The GUI designer executable is 'layout' and after installing the packages there will be an entry in the JWM menu, under Utilities. You will need to setup the Preferences, or alternatively just create a file /root/.lxrad with this in it:

defaulthtmlviewer
geany
ddd

...I'll put that into the PET package later.

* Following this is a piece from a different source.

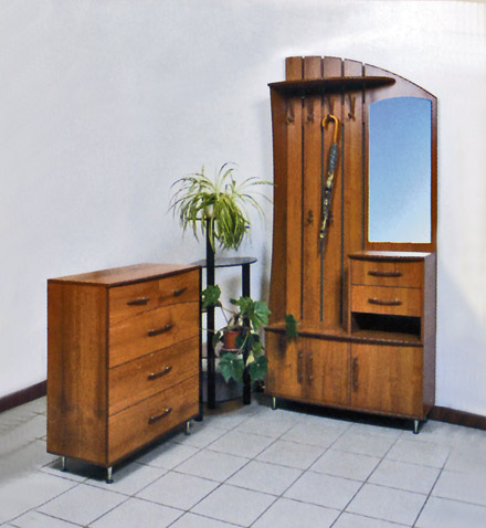 Прихожая состоит из комода и шкафа с вешалкой, в комплект входит зеркало. Другие варианты мебели в прихожую можно посмотреть в разделе Прихожие.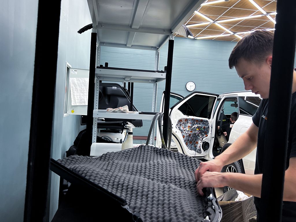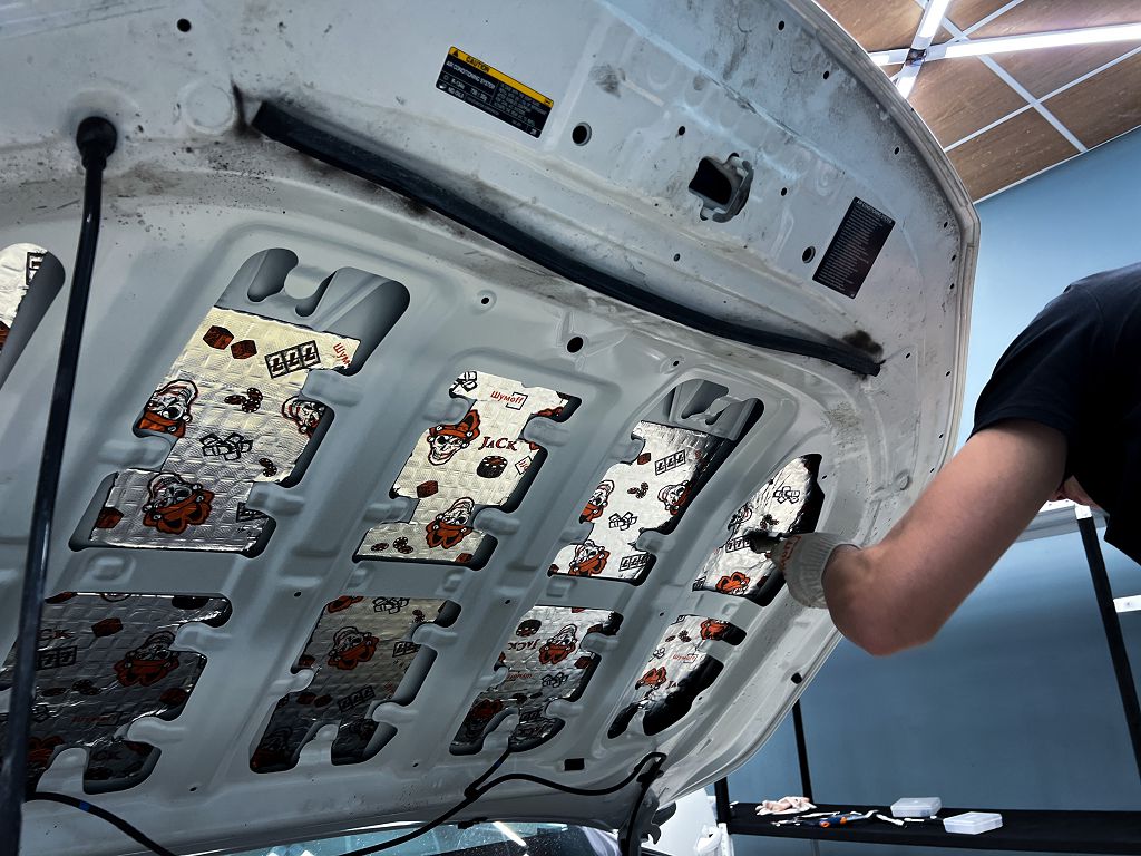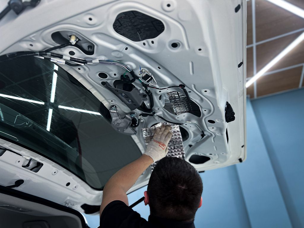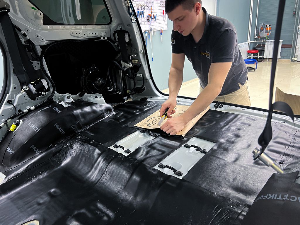 Дно оклеивается многослойным шумо и звукоизолятором Шумофф Prizma 6, крылья, арки и крышка багажника шумопоглотителем Absorber A15.

The lxrad-0.5 package has the runtime library and that will be in 4.1alpha1 (actually 401). The lxrad_DEV-0.5 has the GUI designer and that wil be in the 'devx-401.sfs' file.

UPDATE:

Comments

LXRAD problem
Username: BarryK
The docs have this: |-- CEdit ------+ | `-- CText(Unusable) Yes indeed. I created an edit box, enabled some signals, but it wouldn't compile. For example: g++ -c -Wall -O5 `pkg-config gtk+-2.0 --cflags` ptest1.cc g++ -c -Wall -O5 `pkg-config gtk+-2.0 --cflags` test11.cc In file included from test11.cc:3: test11_d.cc: In constructor 'CWindow1::CWindow1()': test11_d.cc:32: error: 'class CEdit' has no member named 'EvPointerIn' make: *** [test11.o] Error 1 So, that widget is immature. I hope Luis can develop it some more. Note, there was no error message, I only knew it had failed to compile as I had run 'layout' from a terminal window.

LXRAD
Username: pupmate
"I just downloaded LXRAD. Layout couldn't find the liblxrad.so.0 Had to change name of lib from liblxrad.so.0.5 to liblxrad.so.0 to get it to run. Just to let you know. Terry

LXRAD, reply from author
Username: BarryK
"I sent an email to Luis and this is his reply: Thanks for using LXRAD and the blog report. [i]I start LXRAD using xlib, but make all components consuming much time, I'm a busy teacher and no have much time to work in my personal projects (homepage and documentation of projects run in background), for no reinventing the wheel I decide to use GTK. (qt is more complicated in my opinion). I make the porting of components encapsulating GTK components in LXRAD, but when I found pango, utf8, iterators and friends the porting freeze, theses are a nightmare! Actually I work in a new porting using wxwidgets (more easy), the components are ready, but layout need some work to finalize the release. Now LXRAD encapsulating wxwidgets who encapsulating GTK. If puppylinux support wxwidgets the new release of LXRAD will work without problems.[/i]

wxwidgets
Username: kirk
"I just compiled wxwidgets 2.8 for gtk, it's about 8.6MB. Ecere SDK: The binaries are 1.1MB The libraries are 2.7MB The Docs/Samples are 8MB Ecere can be found here: http://www.murga-linux.com/puppy/viewtopic.php?t=27684 Quote from docs: "The Ecere SDK offers a well-rounded suite of tools, which consist of an Integrated Development Environment, a set of compiling tools for the eC language, as well as a cross-platform runtime library featuring among other things a GUI toolkit, a networking library and a 3D engine. It is also backed by the GNU GCC compiling tools suite, which can also be used to program in the C and C++ languages. This version of the Ecere SDK included with this book is cross platform software capable of running on Windows, Linux and Mac OS X." And web page: "Licensing Information: The Ecere SDK is completely free, and applications built with it can be distributed both commercially and non commercially, along with the supporting Ecere runtime library." The binaries are 1.1MB The libraries are 2.7MB The Docs/Samples are 8MB Looks nice, though my C is quite bad, not sure how useful it would be to someone experienced in c++. Hope to find the time to go though Ecere's detailed tutorial.